Sen. Dean Heller, R-Nev. talks to the media after his victory at the Palazzo in Las Vegas after midnight on Wednesday, November 7, 2012.

Sen. Dean Heller joined the list of senators making their tax reform request letters public Friday — but his wish list was pretty short, and more focused on political principles than revolutionary policies.

In a one-page letter, Heller asked tax committee chiefs Max Baucus and Orrin Hatch that whatever new changes they make to the tax code be revenue-neutral in comparison with current law and simpler than current law, and that the reform process be carried out in the open.

That’s about it.

Last month,Baucus and Hatch had asked all senators to submit letters to them by Friday suggesting legislative proposals for a totally revamped tax code. They promised a “blank slate” approach, where no provision would be sacred and all ideas would be heard, and promised senators anonymity for their proposals as a way of encouraging detailed input.

But as the deadline approached Friday, it was clear that Baucus and Hatch’s plan wouldn’t have quite the sweeping effect they had intended.
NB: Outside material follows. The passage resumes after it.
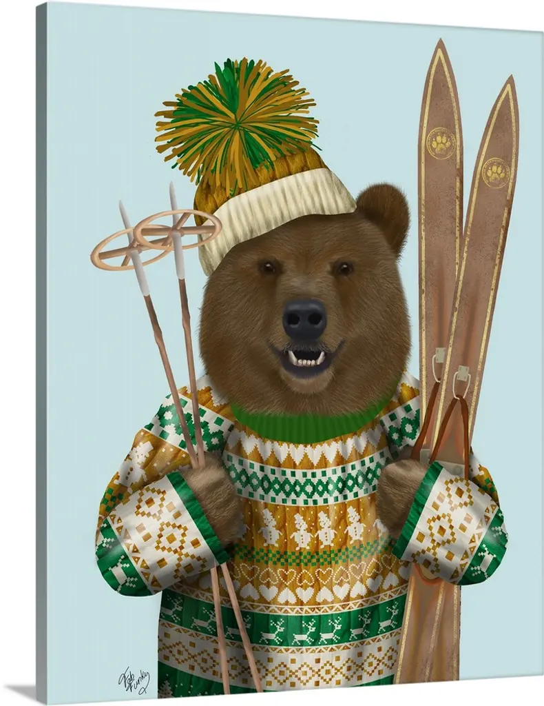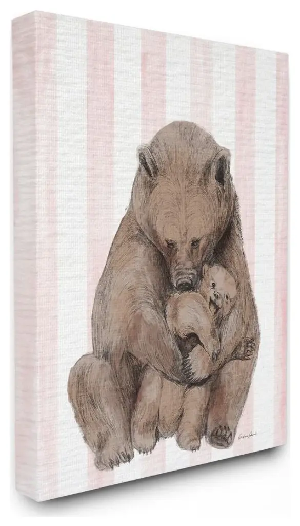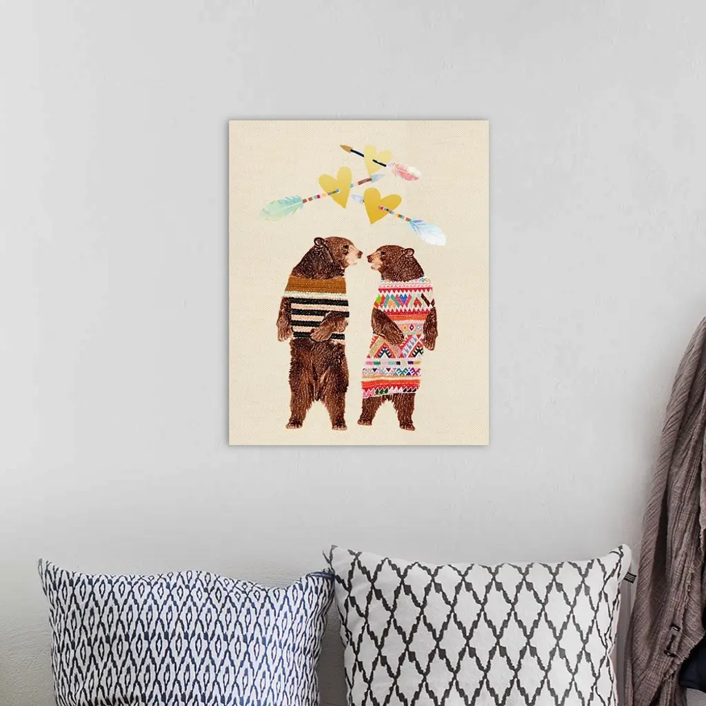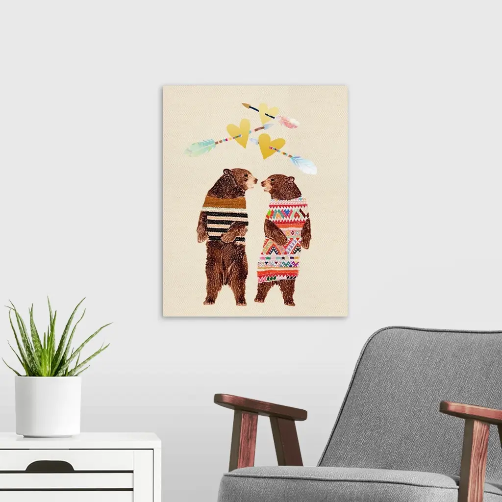 Illustration of a two brown bears wearing clothes facing each other, with arrows and hearts above them on a linen background.

While some senators decided to avail themselves of the opportunity to make quiet suggestions, others, like Heller, used the moment as an opportunity to recommit themselves to positions well-formed on the 2012 campaign trail.

“The current tax code is too complex, too costly and creates unnecessary challenges,” Heller wrote in his letter.

“Our country does not have a revenue problem; it has a spending problem,” he continued in the next paragraph, asking that tax reform be “revenue-neutral for the federal government.”

“I also request that the entire process be open and transparent to the American public,” Heller said. “Our nation needs common sense legislation that fundamentally transforms the tax code without backroom deals.”

That last point is a seemingly intentional jab at the secrecy of the process Baucus and Hatch divined, in which they promised to keep senators’ request letters a secret for up to 50 years.

But then again, Heller played ball to a greater extent than others, including Nevada’s senior senator, Harry Reid.

Reid said Thursday that he had no intention of submitting a letter to the tax committee.

“I’m not going to be involved in this. … I’m not going to consider it,” Reid said to reporters, stressing that since he believed in the committee process, and since he wasn’t on the committee, he didn’t intend to play a part in the exercise.

Of course, Reid has his own ways of getting his views known in the tax committee. As majority leader, Reid has tapped Baucus to help him write a slew of major fiscal policy bills, including a little thing called health care reform legislation.

A letter between working friends like that could easily be considered a superfluous formality.